Data entries
***

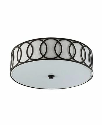 With an open circle frame design, this flush mount ceiling light in a polished oil rubbed bronze finish offers added style and beauty for your living space. The simplicity of a linen shade is accented by the fretwork of overlapping circles cut from metal.
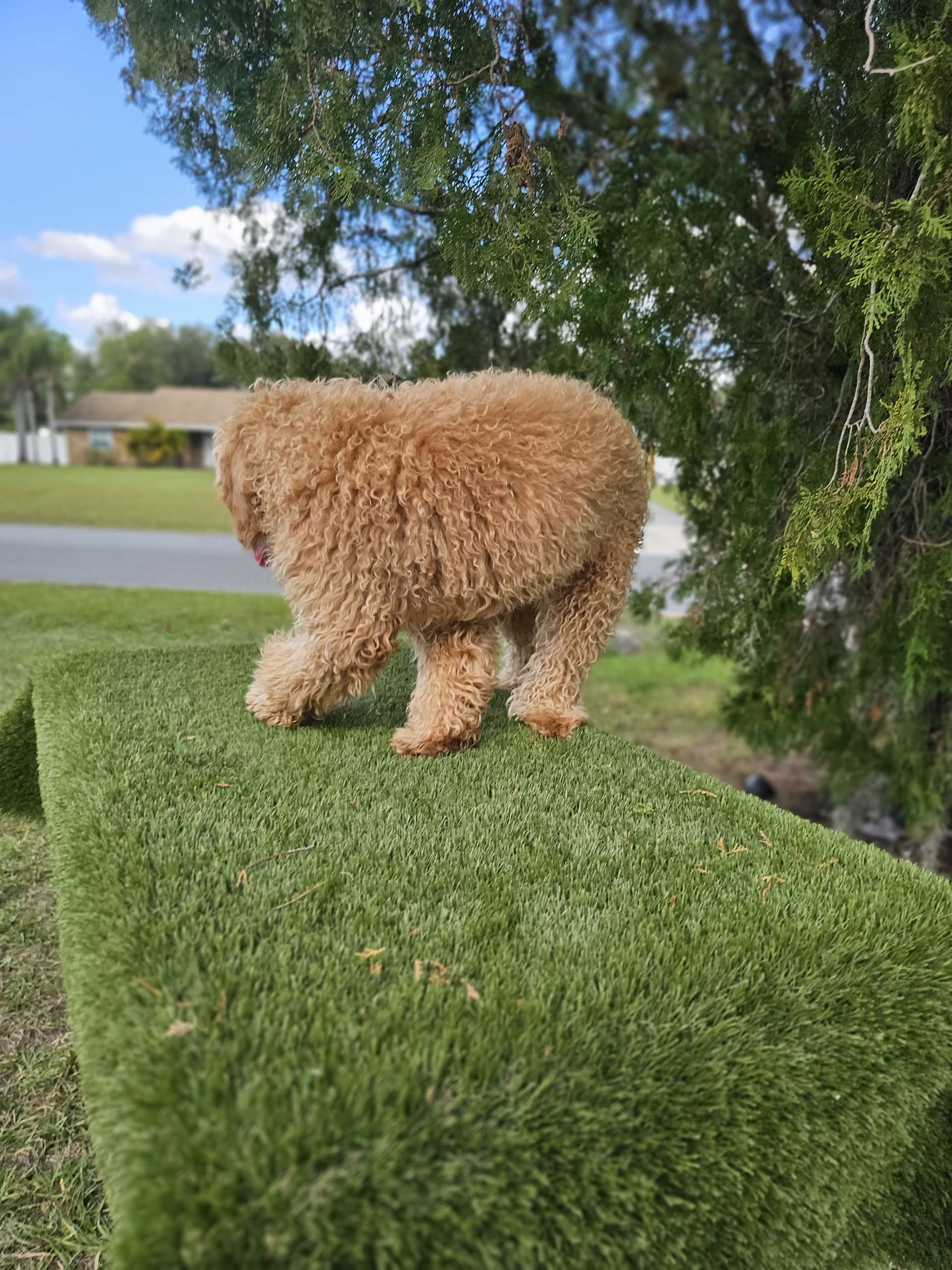 🚀 Goldie Toast is a 7-month-old mini Goldendoodle powered by happiness and zero chill.
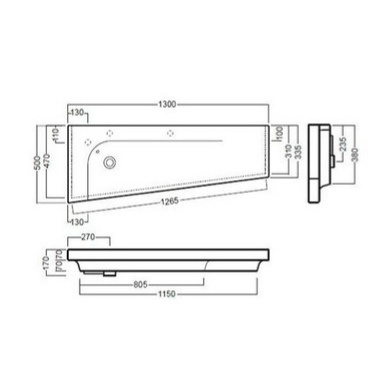 - без отверстий под смеситель
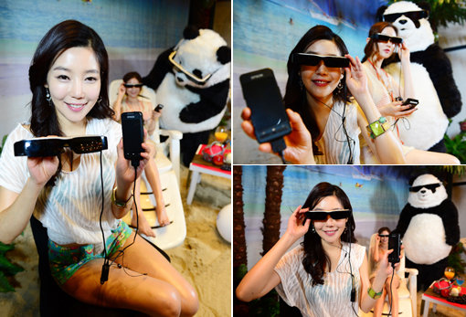 【서울=뉴시스】조성봉 기자 = 5일 오전 서울 강남구 CGV 청담 씨네씨티에서 열린 한국엡손 2세대 스마트 안경 ‘모베리오 BT-200' 공개 행사에서 모델들이 신제품을 선보이고 있다. ‘모베리오 BT-200'의 헤드셋은 88g으로 1세대 제품 ’모베리오 BT-100(240g)'보다 약 60% 가벼워졌으며, 안경부에는 카메라와 블루투스가 새롭게 탑재되어 사용자의 편의성을 한단계 높였다. 2014.03.05.suncho21@newsis.com <저작권자ⓒ 공감언론 뉴시스통신사. 무단전재-재배포 금지.>
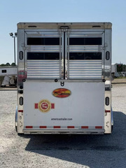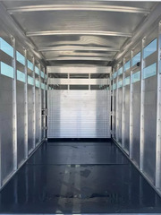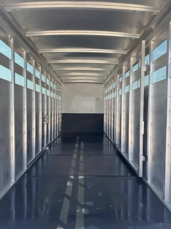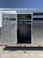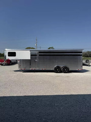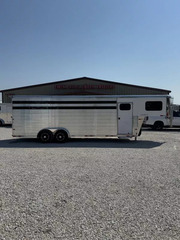 2024 Sundowner 24’ Stock Combo ALL ALUMINUM Gooseneck. Demo Trailer Never Titled 24’L x 7’6”T Stock area features - Rubber floor mats, Double rear doors with air spaces and plexiglass, forward escape door, air spaces x2 on all sides with removeable plexiglass, center cut gate with 2 air channels, LED load lights, comes with saddle rack and bridle hooks. Dressing Room - 48” Short wall, Camper style entry door with sliding window, LED light, 5’ Clothes bar, Halter hooks, carpet on bridle wall and nose, two windows in nose, rubber floor mats. Additional trailer features - ST235/80R16, Black aluminum alloy rims, Spare tire carrier, Spare tire with matching wheel, Single speed center leg jack, 2 5/16 coupler, electric brakes, rear load ramp, LED clearance lights, polished aluminum wave panel and roof rail, rear roof spoiler with 3 LED surface lights, 7,000lb rubber torsion axles, stainless wrapped nose. Professionally polished! Very sharp trailer! Trailer comes with full new factory warranty. Financing available with rates as low as 6.49 WAC- Nationwide delivery available - Trades welcomed Call our sales department at 940-365-9919 After hours calls/texts 612-381-6782
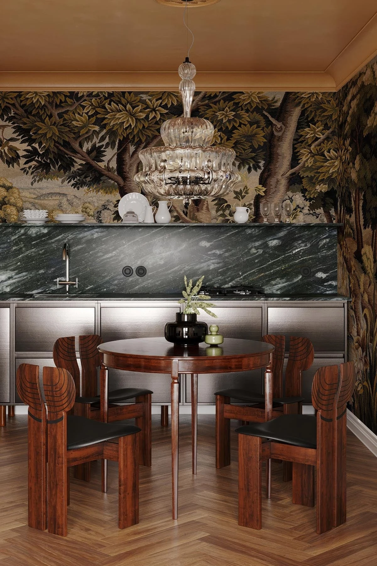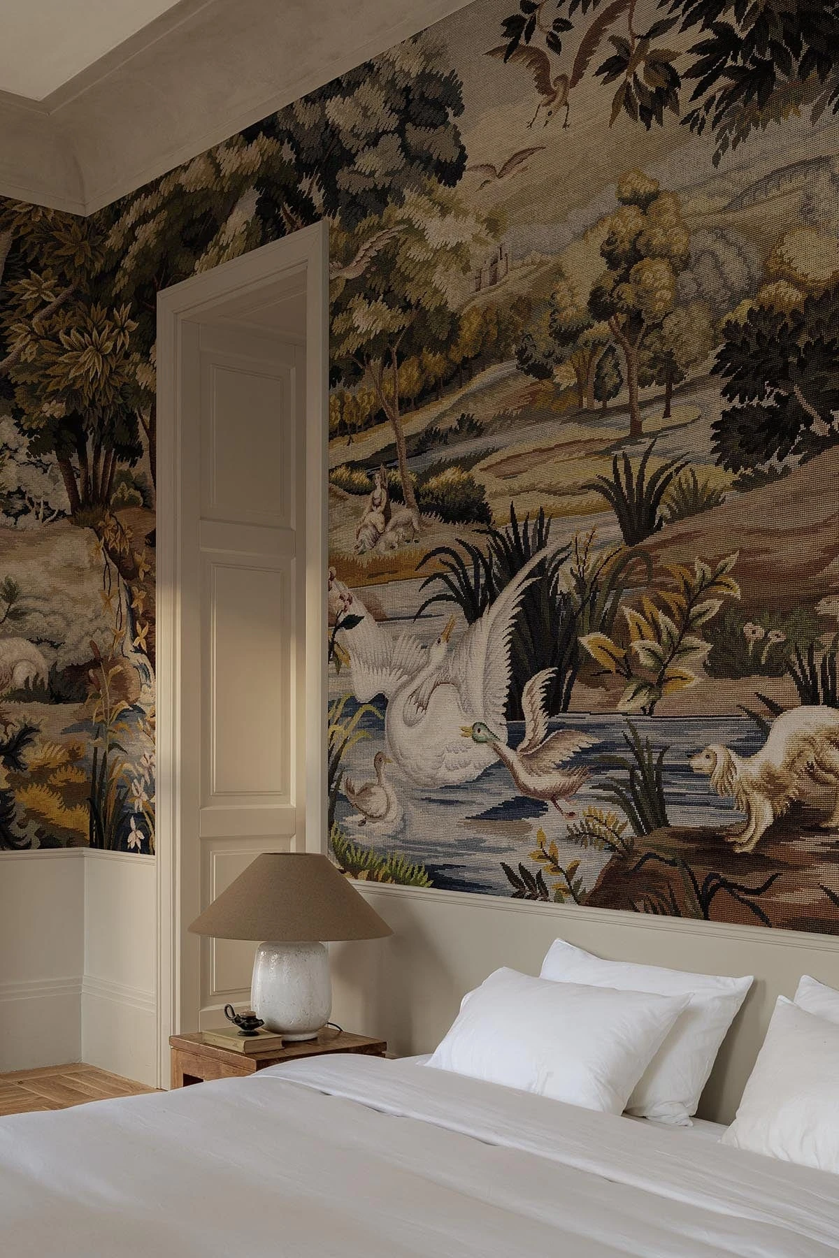 Classic and elegant, Verdant Tapestry in Green Multi echoes the beauty of historical textiles with a soft, natural palette of greens and beige tones. This colorway captures the essence of a traditional woodland tapestry—inviting, refined, and full of gentle charm. The scene of swans and ducks by the riverside offers a timeless narrative, while the neutral undertones make it a versatile statement piece for both modern and vintage-inspired interiors.

***

ACTIVITY
Word for word, give back each entry from above, but skip any picture.

RESULT
 With an open circle frame design, this flush mount ceiling light in a polished oil rubbed bronze finish offers added style and beauty for your living space. The simplicity of a linen shade is accented by the fretwork of overlapping circles cut from metal.
 🚀 Goldie Toast is a 7-month-old mini Goldendoodle powered by happiness and zero chill.
 - без отверстий под смеситель
 【서울=뉴시스】조성봉 기자 = 5일 오전 서울 강남구 CGV 청담 씨네씨티에서 열린 한국엡손 2세대 스마트 안경 ‘모베리오 BT-200' 공개 행사에서 모델들이 신제품을 선보이고 있다. ‘모베리오 BT-200'의 헤드셋은 88g으로 1세대 제품 ’모베리오 BT-100(240g)'보다 약 60% 가벼워졌으며, 안경부에는 카메라와 블루투스가 새롭게 탑재되어 사용자의 편의성을 한단계 높였다. 2014.03.05.suncho21@newsis.com <저작권자ⓒ 공감언론 뉴시스통신사. 무단전재-재배포 금지.>
 2024 Sundowner 24’ Stock Combo ALL ALUMINUM Gooseneck. Demo Trailer Never Titled 24’L x 7’6”T Stock area features - Rubber floor mats, Double rear doors with air spaces and plexiglass, forward escape door, air spaces x2 on all sides with removeable plexiglass, center cut gate with 2 air channels, LED load lights, comes with saddle rack and bridle hooks. Dressing Room - 48” Short wall, Camper style entry door with sliding window, LED light, 5’ Clothes bar, Halter hooks, carpet on bridle wall and nose, two windows in nose, rubber floor mats. Additional trailer features - ST235/80R16, Black aluminum alloy rims, Spare tire carrier, Spare tire with matching wheel, Single speed center leg jack, 2 5/16 coupler, electric brakes, rear load ramp, LED clearance lights, polished aluminum wave panel and roof rail, rear roof spoiler with 3 LED surface lights, 7,000lb rubber torsion axles, stainless wrapped nose. Professionally polished! Very sharp trailer! Trailer comes with full new factory warranty. Financing available with rates as low as 6.49 WAC- Nationwide delivery available - Trades welcomed Call our sales department at 940-365-9919 After hours calls/texts 612-381-6782
 Classic and elegant, Verdant Tapestry in Green Multi echoes the beauty of historical textiles with a soft, natural palette of greens and beige tones. This colorway captures the essence of a traditional woodland tapestry—inviting, refined, and full of gentle charm. The scene of swans and ducks by the riverside offers a timeless narrative, while the neutral undertones make it a versatile statement piece for both modern and vintage-inspired interiors.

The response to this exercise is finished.